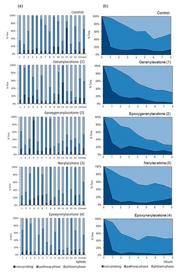 In the present study, the deterrent activity of nerylacetone, geranylacetone, and their epoxy-derivatives was examined in two independent complementary experiments, one involving freely moving aphids (aphid settling in a choice-test), the other involving tethered aphids (aphid probing behavior in the EPG no-choice test). The aim of the choice test was to show aphid preferences for the food source and the aim of the no-choice test was to explain the background of the observed preferences. The no-choice test, i.e., the 8 h continuous monitoring of aphid behavior allows the analysis of probing during the pre-ingestive (within non-phloem tissues before the first phloem phase) phase separately from the ingestive (within the phloem) phase of probing [42]. The parameters derived from the electronic registration are good indicators of plant suitability or interference of probing by chemical or physical factors, including the exogenously applied chemicals, in individual plant tissues and the association of this activity to particular phases of aphid probing [42,44,45,47,50,51,52,53]. When xenobiotics are applied exogenously, the aphids may act as sensors that indicate the transfer of these compounds from the epidermis into internal plant tissues [44,50].
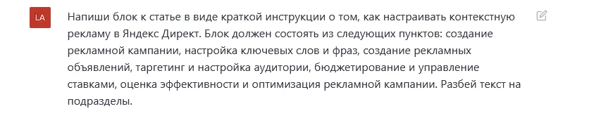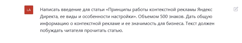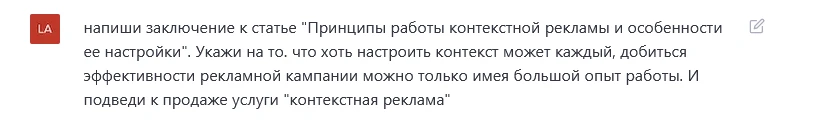 Итак, с чего же начинается написание статьи? Конечно, с идеи. Нашей с ChatGPT задачей будет написать статью с рабочим названием «Принципы работы контекстной рекламы и особенности ее настройки».
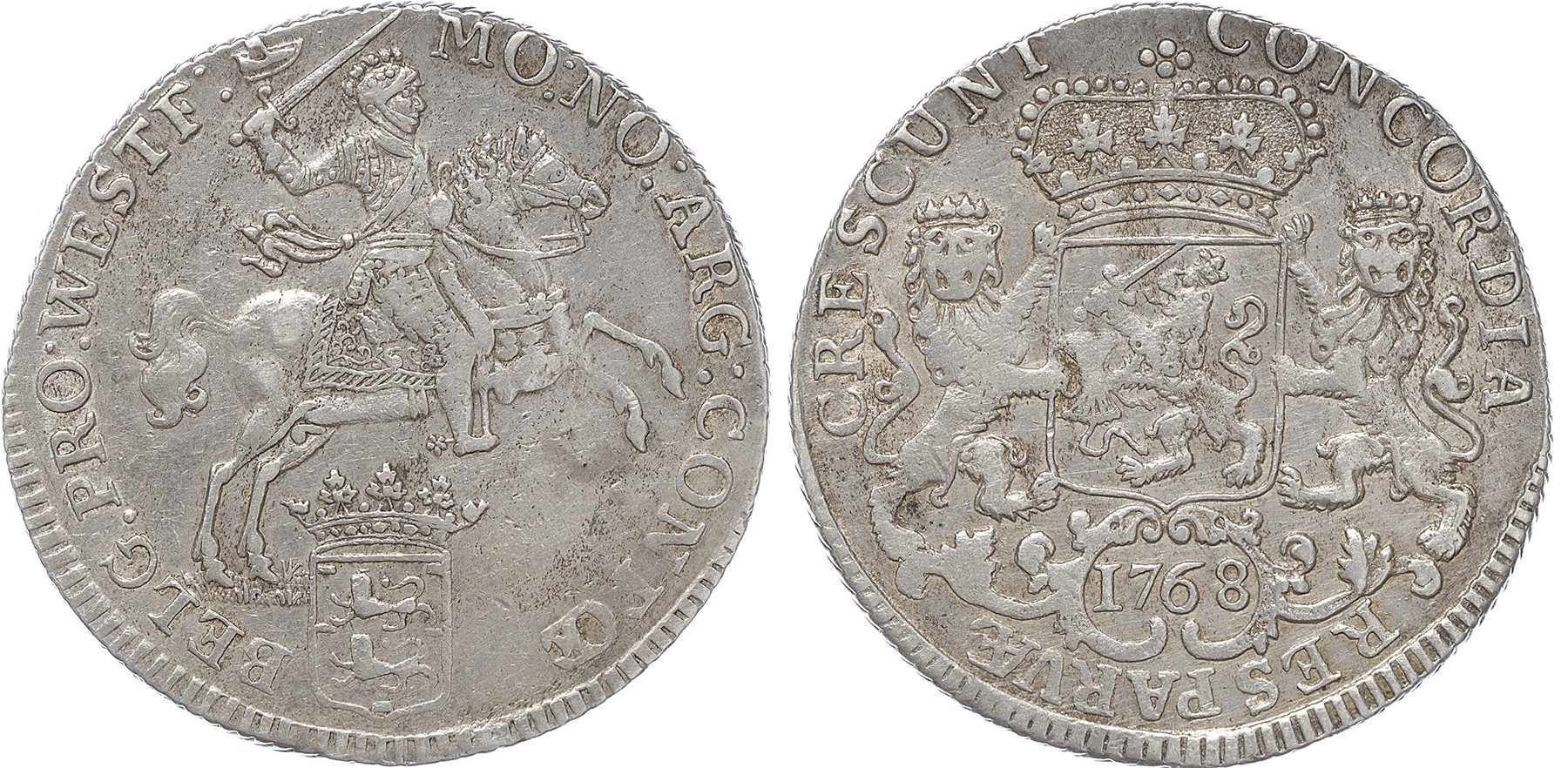 West-Friesland. Halve dukaton of halve zilveren rijder 1768/67. Cnm 2.46.45; D. 1050. Zeer fraai+.

▸ Exercise brief:
An exact reproduction of the lines from the line containing "Итак, с чего" through the end of the listing above is needed; pictures stay out.

▸ Output below:
 Итак, с чего же начинается написание статьи? Конечно, с идеи. Нашей с ChatGPT задачей будет написать статью с рабочим названием «Принципы работы контекстной рекламы и особенности ее настройки».
 West-Friesland. Halve dukaton of halve zilveren rijder 1768/67. Cnm 2.46.45; D. 1050. Zeer fraai+.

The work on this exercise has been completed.